In SetLatch, is it enough to add the SpinLockAcquire() call *after* checking that is_set is not already set? Ie. still do the quick exit without holding a lock. Or do we need a memory barrier operation before the fetch, to ensure that we see if the other process has just cleared the flag with ResetLatch() ? Presumable ResetLatch() needs to call SpinLockAcquire() anyway to ensure that other processes see the clearing of the flag.

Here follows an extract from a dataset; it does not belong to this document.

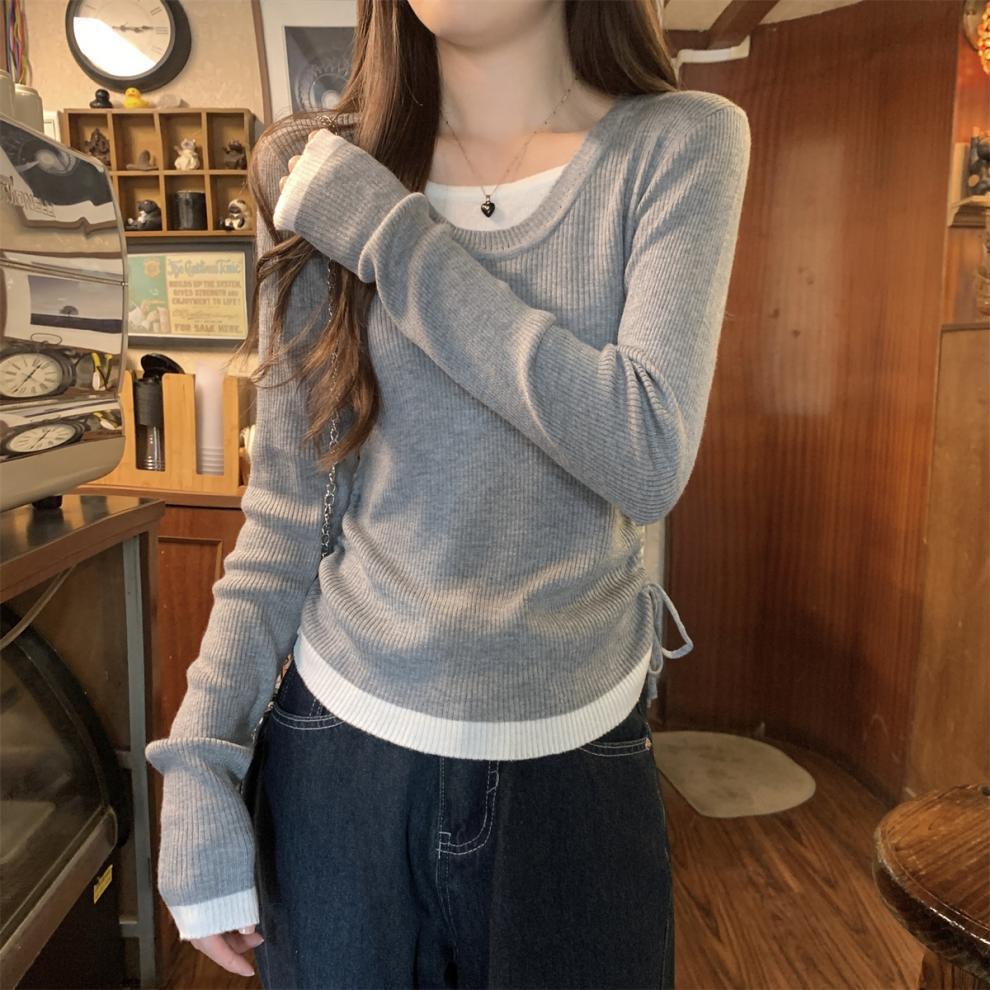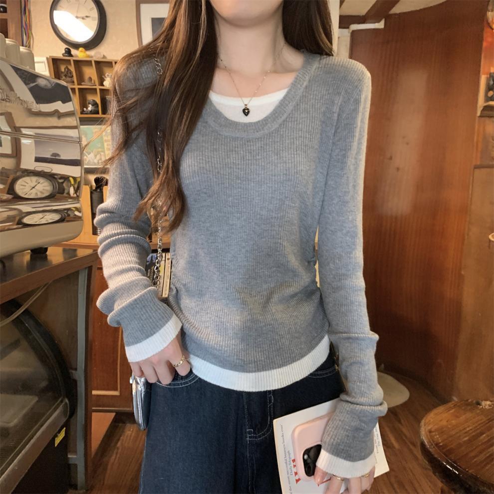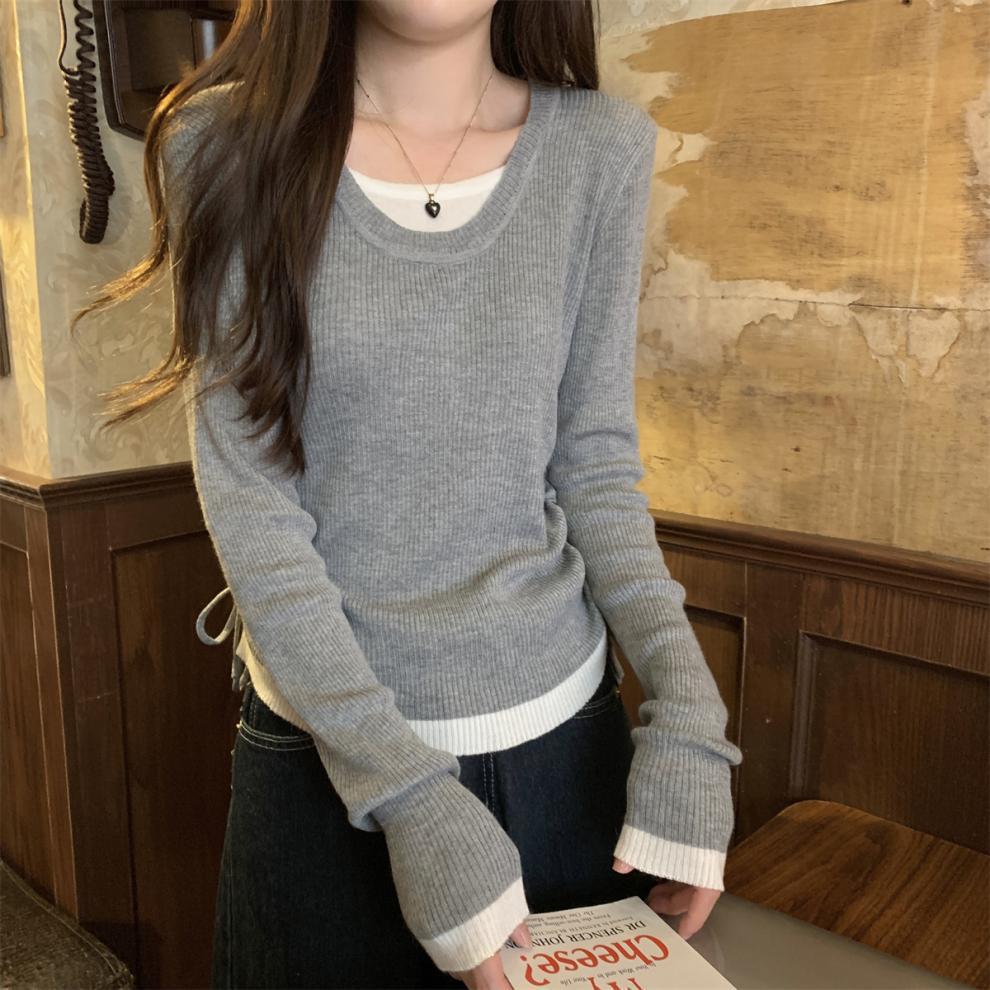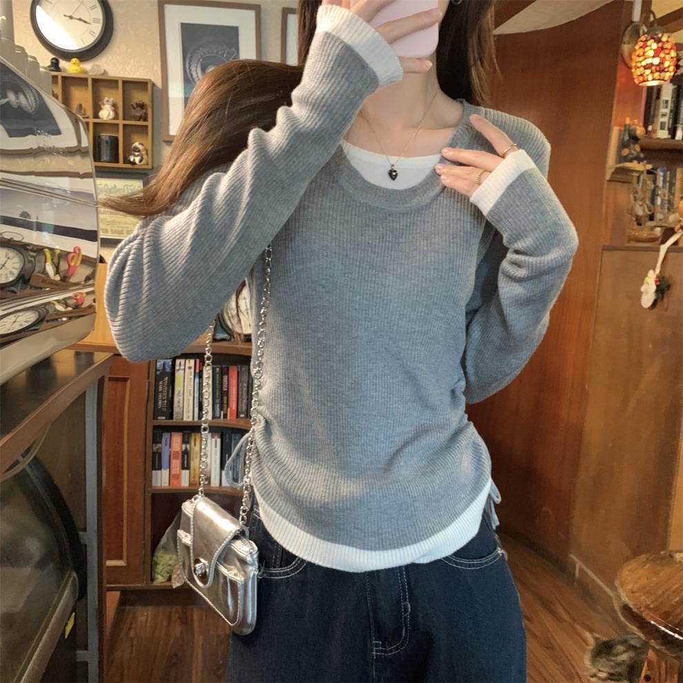 가을과 겨울 2024 한국식 기질 대비 컬러 U-칼라 드로 스트링 가짜 투피스 니트 바닥 내부 긴 소매 재킷

Tom's other scenario, where changing some other variable in shared
memory might not have become visible to other processes when SetLatch()
runs, seems more plausible (if harder to run into in practice). But if
the variable is meant to be examined by other processes, then you should
use a lock to protect it.

In that case, of what use is the latch stuff?  The whole point with that
(or at least a lot of the point) is to not have to take locks.

The use case for a latch is to wake up another process to examine other piece of shared memory (or a file or something else), and take action based on that other state if needed. Access to that other piece of shared memory needs locking or some other means of concurrency control, regardless of the mechanism used to wake up the other process.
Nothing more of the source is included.